Why can't I connect to the guest (192.168.122.135) from the host??
I was originally using filters, but removing the filters from the VM's domain xml has no effect on this condition randomly showing up. If I spin up many VMs at the same time I can get it to happen to a lot of them. Some of the VMs work just fine though and allow me to connect.
Also, I am using ubuntu 14.04.3:
$ lsb_release -a No LSB modules are available. Distributor ID: Ubuntu Description: Ubuntu 14.04.3 LTS Release: 14.04 Codename: trusty
With kernel 3.19.0-30-generic.
More info - virsh version:
$ virsh --version 1.2.2
$ libvirtd --version libvirtd (libvirt) 1.2.2
I don't have enough reputation to comment... But I have a few suggestions on things you could try to further explore the problem.
Question: Does assigning an IP address in the 192.168.122.X subnet on vnet0 do anything? The route that is configured seems to suggest that your traffic will go to virbr0 since it has the 192.168.122.1 IP address. If you can't ping any other devices in that subnet, then I suspect that's the issue.

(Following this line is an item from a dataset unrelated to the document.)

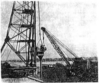 Рис. 37. Прикрепление вибропогружателя ВУ-1,6 с наголовником к оболочке с навесной площадкой Тремя коническими оправками через отверстия во фланце наголовника «ловят» выпуски рабочей арматуры оболочки, а затем наголовник с вибропогружателем опускают на ее торец. Для плотного прилегания наголовника и вибропогружателя к оболочке между фланцем наголовника и оболочкой ставят прокладку из прессованного войлока. Во время выполнения этой операции рабочие должны обращать особое внимание на хорошую затяжку гаек, так как при слабой затяжке резко снижается эффективность работы вибропогружателя. Перед окончательной затяжкой гаек и постановкой контргаек включают на 10-15 сек вибропогружатель. Соединение наголовника с оболочкой и подтяжку гаек рабочие выполняют с инвентарной площадки с перилами, подвешенной к вибропогружателю (рис. 37). Погружение оболочек ведут залогами, включая вибропогружатель на 3-15 мин. В перерывы между залогами, необходимые для остывания электродвигателя, осматривают состояние оболочки и крепление к ней вибропогружателя. Продолжительность залогов определяют в результате опытного погружения первых оболочек. Величину погружения от каждого залога замеряют с помощью геодезических инструментов и заносят в журнал. При снижении скорости заглубления оболочки до 3 см/мин. прекращают вибропогружение и начинают извлекать грунт из полости оболочки эрлифтом, опускаемым в оболочку в собранном виде плавучим краном грузоподъемностью 15 Т. Для предотвращения наплыва грунта из-под ножа в оболочку при работе эрлифта уровень воды в ней поддерживают выше горизонта воды в акватории. Грунт извлекают до отметки на 0,8-1 м выше ножа оболочки и после этого вытаскивают из нее эрлифт. Затем продолжают погружение оболочки до проектной отметки. Отвертывают гайки крепления вибропогружателя к оболочке, снимают вибропогружатель с наголовником и переносят на следующую оболочку. После перемещения плавучего кондуктора на следующую захватку разбивают головы погруженных оболочек отбойными молотками до проектной отметки и срезают фланец. Работы производят с плавучего инвентарного мостика, состоящего из двух полуколец, которые на плаву подводятся к оболочке и замыкаются вокруг нее. Для предохранения оболочек от больших отколов бетона и обеспечения точности срубки на оболочку надевают бандаж из полосовой стали толщиной 5-6 мм и высотой 100 мм.

If that doesn't get you anywhere...
Packet trace on host / VM
Try doing a packet dump on virbr0 and on the internal VM interface when this occurs. Ping the VM, and see what kind of traffic you see.
sudo tcpdump -n -i virbr0 -v "icmp or arp"
Depending on what you see there, will help narrow down the source of the problem. If you're not even getting your pings on that interface, then it's a routing issue on the host. If pings are going in, but the VM isn't seeing them, then it's a network/routing issue with the libvirt network.
I recommend also doing the above with a working VM, so you have a reference to compare the traffic against.
Check ARP Cache
Check your ARP cache on the host when this occurs. Does the mac address exist in the cache? Maybe it's getting mangled...
To dump the arp cache:
Check your libvirt logs
If configured, libvirt will log to syslog using the 'libvirtd' tag. Check your configuration to be sure this is enabled. It seems unlikely it's a libvirt issue, but it wouldn't hurt to turn on the logging.
To enable this setting
# vi /etc/libvirt/libvirtd.conf
Add the line
# service libvirt-bin restart
I have the same network setting, and similar problem in a CentOS 7 host. Eventually, it turned out that the problem was guest VM's firewall setting blocked echo request and other external connection. After changing the firewall setting, the problem is solved.
I had similar issue. I just tried following command to check whether machine is installed properly or not.
lsmod | grep kvm
If it is showing kvm details then machine is installed properly.